3. Constructs and preconditioned dispatching¶
This section describes the use of preconditioned dispatching in the
PrattParser
class. Many Typped users will never need to explicitly use the
techniques described here, since the Typped parser comes with various built-in
methods which hide the use of precondition functions. The calulator example,
for example, uses only built-in methods of the PrattParser
class. This
description is mainly for users who need to define their own, custom parsing
methods or those who are simply interested in the details of how dispatching
works.
3.1. What is preconditioned dispatching?¶
In a standard Pratt parser each token can have associated with it a single, fixed head handler function, a single, fixed tail handler function, or one of each. Preconditioned dispatching generalizes this: Each token can have multiple possible head and/or tail handler functions associated with it. The choice of which of the possible handler functions to use to process a token is made at at the time the token is parsed, based on the conditions (e.g., the parser and lexer state) at that time. The conditions which can be taken into account include, for example, the actual string value that the lexer matched in the program text and the kind of token that is one peek ahead in the lexer. Note that this generalized behavior in Typped is optional and can easily be ignored if one only wants to use standard Pratt parser techniques.

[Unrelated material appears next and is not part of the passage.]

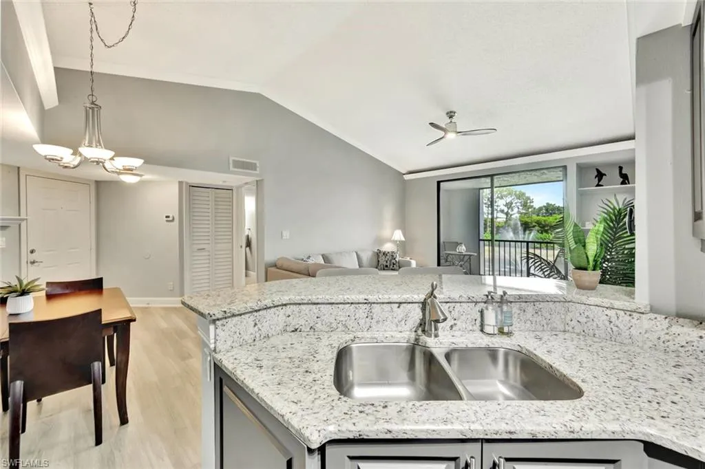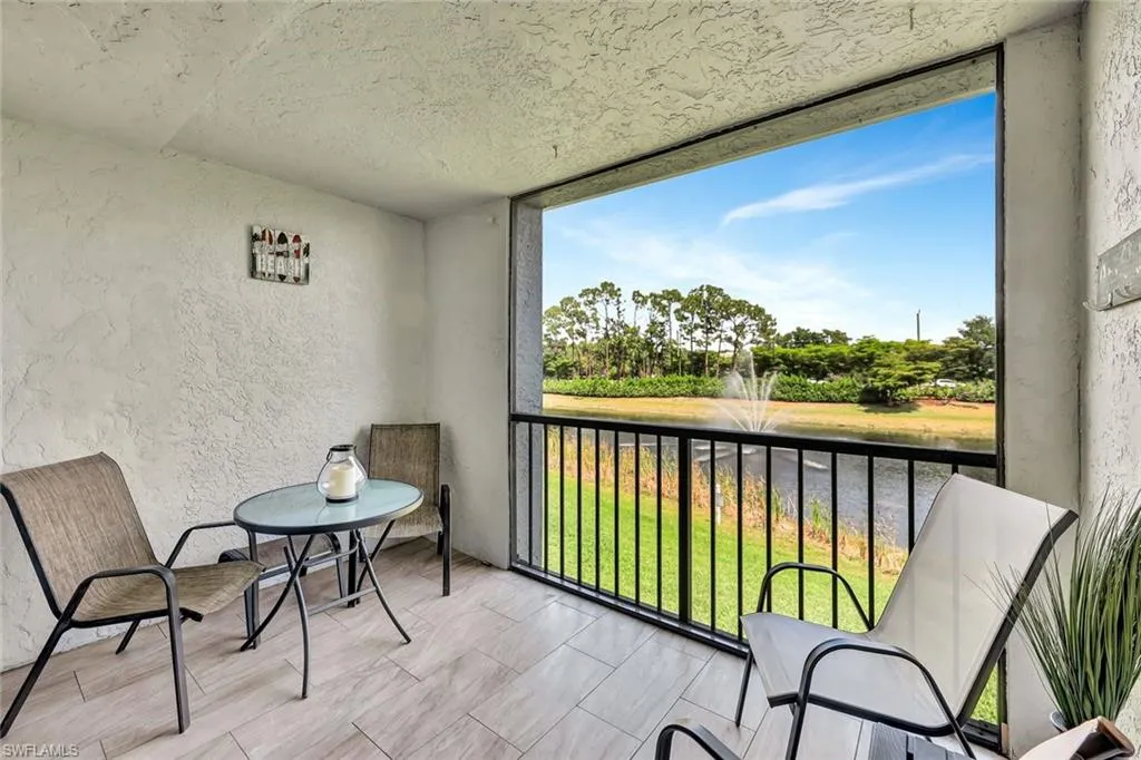 Beautifully renovated and move-in ready, this 3-bedroom, 2-bath second-floor condo in Musa at Daniels offers serene lake and fountain views from its extended screened lanai—a rare feature that provides extra space for relaxing or entertaining. Inside, the light-filled open layout features vaulted ceilings, luxury vinyl and tile flooring in the main living areas, and plush carpeting in the bedrooms for added comfort.

Since in Pratt parsing each head and tail handler essentially parses a different part of the grammar, the Typped packages uses an abstraction of handler functions called a syntactic construct, or simply a construct. A construct represents a particular kind of grammatical subexpression that is parsed and returned by a handler function. Since Pratt parsers are top-down these grammatical parts tend to correspond to subtrees of the final expression tree. A construct containing a head handler will be called a head construct and a construct containing a tail handler will be called a tail construct. Constructs also contain other attributes, as we will see.
In a standard Pratt parser a handler function is triggered whenever a
particular kind of token is consumed from the lexer in the recursive_parse
routine. Either the head handler or the tail handler function associated
with that kind of token is run, depending on whether or not the token is the
first token in the subexpression being parsed.
In a preconditioned-dispatching Pratt parser each handler function is associated with a unique construct, and each construct has associated with it the label of a triggering token which triggers that construct as potentially the one to use. A single kind of token can potentially trigger multiple constructs (either head constructs or tail constructs, depending on the token’s position).
When a token is consumed in recursive_parse
it triggers a collection of
constructs. The choice of which one to actually use is based on the evaluation
of preconditions functions associated with the constructs. Preconditions
functions are simply boolean-valued functions which are executed at the time
when a handler function is required. A preconditions function which returns
true when evaluated is said to match in the current state. The matching
construct with the highest preconditions priority is selected, and its
handler is run.
Constructs are implemented as instances of Construct
objects. They contain
the following attributes:
- a kind of token which triggers the construct
- a head or tail handler function
- a preconditions function
- a preconditions priority
- a string label for the construct
- other data, such as evaluation functions and type signatures
Constructs are registered with a parser instance in order to define a
particular grammar on the tokens of the language (the tokens must be separately
defined with def_token
). The preconditions priority is a number which
defaults to zero.
Whenever the recursive_parse
routine consumes a particular kind of token
from the lexer, in a head or tail position, it sequentially executes the
preconditions functions for all the constructs triggered by that kind of
token, in that position. The execution sequence is ordered by the
preconditions priority values. The construct associated with the first
matching preconditions function is selected. Its handler function is then
dispatched as the one to be run by the recursive_parse
routine. If there
is no clear winner among the highest-priority matching preconditions functions
(i.e., more than one match has the highest priority) then an exception is
raised.
This algorithm clearly reduces to ordinary Pratt parsing in the case where there is at most one head construct and one tail construct per kind of token and the preconditions functions always evaluate as true.
3.2. Using dispatching¶
The PrattParser
method which registers a construct with the parser is
called def_construct
. It is used, for example, inside the builtin methods
after defining the handler functions and any preconditions functions. To
define custom constructs it needs to be explicitly called.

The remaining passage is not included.